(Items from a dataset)
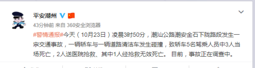 #警情通报#今天(10月23日)凌晨3时50分,潮汕公路潮安金石下陇路段发生一宗交通事故,一辆轿车与一辆道路清洁车发生碰撞,致轿车5名驾乘人员中3人当场死亡,2人送医院抢救、其中1人经抢救无效死亡。 目前,事故正在调查中。
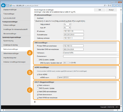 mDNS (multikast-DNS) brukes av Bonjour og er en protokoll for å knytte et vertsnavn til en IP-adresse uten bruk av DNS. Merk av i boksen hvis du vil aktivere mDNS, og angi mDNS-navnet i tekstboksen [mDNS-navn]. [DHCP-tilleggsinnstillinger][Hent vertsnavn]
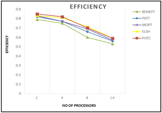 Figure 7 shows the efficiency of the BDHEFT, PEFT, MOPT, ELSH, and POTC algorithms. It shows that the performance of PEFT is very similar to that of MOPT. Higher values of efficiency are obtained by the proposed algorithm. For every algorithm, the makespan decreases as the number of processors is increased.
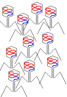 Und diese Misch-DNS aus Phagen-DNS und Bakterien-DNS wird in die Phagenköpfe eingebaut. Nach der Lyse der Bakterie werden die abgebildeten "Phagen" frei. |
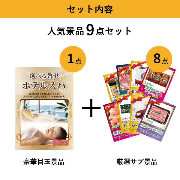 「選べる贅沢ホテルスパ」をメイン景品とした、メイン景品1点とサブ景品8点を合わせたセット!
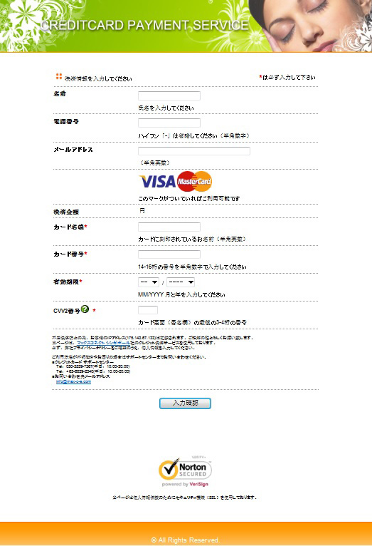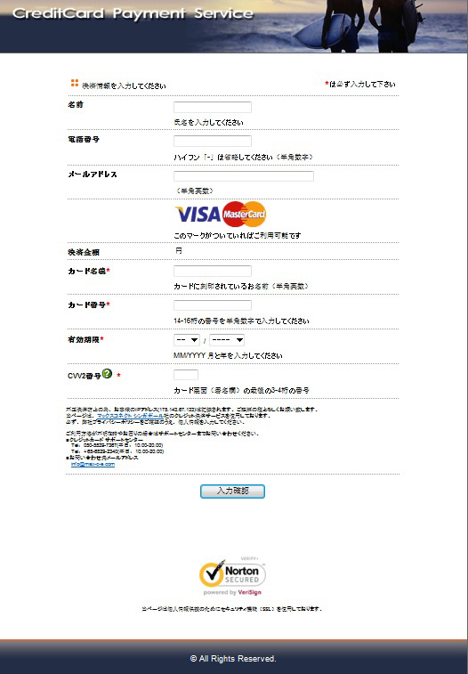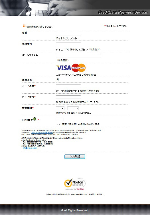 弊社では、各サイト様毎にヘッダーの画像の入れ替えが可能でございます。事例としては、サイト様のトップの画像を入れたり、サイト様のロゴを入れることにで、よりウェブサイトとの一体感が生まれ、ユーザー様も安心してクレジット決済を実行できます。一見些細なサービスのようですが、クレジット決済を実行するにあたり、お客様のモチベーションを維持しながら、”安心”して商品を購入してもらうということは、重要であると考えております。
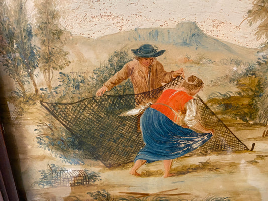 18th / 19th Century Chinese Export Reverse Painting on Glass European Bird Catchers Scene
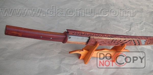 产品介绍: 此刀为户撒最具灵性的优秀刀匠项老赛妹夫线乔发亲自打制,刀身采用性能极佳的钢材60硅二锰,刃口淬火独到,可做到砍铁不伤,全长100CM*刀长80CM*刀把25CM.刀把刀鞘为稀有缅甸香小红木(硬木)制成,通体色泽淡红,极为美观,刀身手工精心打制(龙头刀尖,细刻双龙图案),属名贵精品收藏刀新品系.

> **WHAT IS BEING ASKED**:
Transcribe each line above verbatim, with the pictures left out.

> **RESPONSE AREA**:
 #警情通报#今天(10月23日)凌晨3时50分,潮汕公路潮安金石下陇路段发生一宗交通事故,一辆轿车与一辆道路清洁车发生碰撞,致轿车5名驾乘人员中3人当场死亡,2人送医院抢救、其中1人经抢救无效死亡。 目前,事故正在调查中。
 mDNS (multikast-DNS) brukes av Bonjour og er en protokoll for å knytte et vertsnavn til en IP-adresse uten bruk av DNS. Merk av i boksen hvis du vil aktivere mDNS, og angi mDNS-navnet i tekstboksen [mDNS-navn]. [DHCP-tilleggsinnstillinger][Hent vertsnavn]
 Figure 7 shows the efficiency of the BDHEFT, PEFT, MOPT, ELSH, and POTC algorithms. It shows that the performance of PEFT is very similar to that of MOPT. Higher values of efficiency are obtained by the proposed algorithm. For every algorithm, the makespan decreases as the number of processors is increased.
 Und diese Misch-DNS aus Phagen-DNS und Bakterien-DNS wird in die Phagenköpfe eingebaut. Nach der Lyse der Bakterie werden die abgebildeten "Phagen" frei. |
 「選べる贅沢ホテルスパ」をメイン景品とした、メイン景品1点とサブ景品8点を合わせたセット!
 弊社では、各サイト様毎にヘッダーの画像の入れ替えが可能でございます。事例としては、サイト様のトップの画像を入れたり、サイト様のロゴを入れることにで、よりウェブサイトとの一体感が生まれ、ユーザー様も安心してクレジット決済を実行できます。一見些細なサービスのようですが、クレジット決済を実行するにあたり、お客様のモチベーションを維持しながら、”安心”して商品を購入してもらうということは、重要であると考えております。
 18th / 19th Century Chinese Export Reverse Painting on Glass European Bird Catchers Scene
 产品介绍: 此刀为户撒最具灵性的优秀刀匠项老赛妹夫线乔发亲自打制,刀身采用性能极佳的钢材60硅二锰,刃口淬火独到,可做到砍铁不伤,全长100CM*刀长80CM*刀把25CM.刀把刀鞘为稀有缅甸香小红木(硬木)制成,通体色泽淡红,极为美观,刀身手工精心打制(龙头刀尖,细刻双龙图案),属名贵精品收藏刀新品系.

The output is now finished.